▶ **Exercise prompt**:
The answer must consist solely of the lines below starting at the one containing "ピュア掲示板にはいくつかの項" and ending at the one containing "(1)(4分)细绳的一端在外", repeated exactly, with both ends included and all pictures omitted.

**** Record set

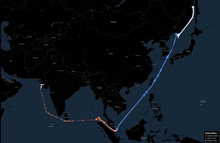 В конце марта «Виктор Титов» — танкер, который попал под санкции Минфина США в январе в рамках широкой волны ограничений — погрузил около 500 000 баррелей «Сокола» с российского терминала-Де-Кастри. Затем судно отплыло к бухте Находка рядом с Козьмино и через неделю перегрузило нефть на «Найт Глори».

********
**** Record set

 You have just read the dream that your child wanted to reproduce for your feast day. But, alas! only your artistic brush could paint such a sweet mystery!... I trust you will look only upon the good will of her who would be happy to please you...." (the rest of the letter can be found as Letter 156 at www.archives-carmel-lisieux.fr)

********
**** Record set

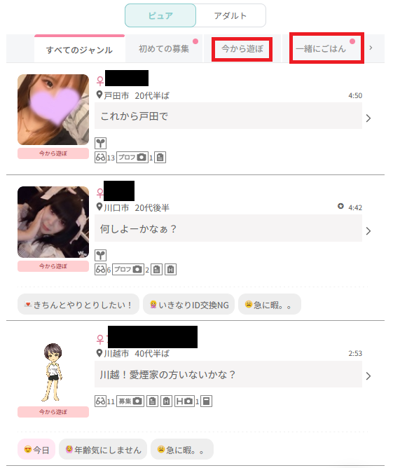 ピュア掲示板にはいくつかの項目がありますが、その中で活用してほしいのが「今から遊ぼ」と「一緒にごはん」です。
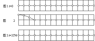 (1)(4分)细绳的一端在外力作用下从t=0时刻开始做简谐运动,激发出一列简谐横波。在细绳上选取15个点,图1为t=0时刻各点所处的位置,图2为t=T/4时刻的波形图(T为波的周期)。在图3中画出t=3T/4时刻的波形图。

********

▶ **Exercise output**:
 ピュア掲示板にはいくつかの項目がありますが、その中で活用してほしいのが「今から遊ぼ」と「一緒にごはん」です。
 (1)(4分)细绳的一端在外力作用下从t=0时刻开始做简谐运动,激发出一列简谐横波。在细绳上选取15个点,图1为t=0时刻各点所处的位置,图2为t=T/4时刻的波形图(T为波的周期)。在图3中画出t=3T/4时刻的波形图。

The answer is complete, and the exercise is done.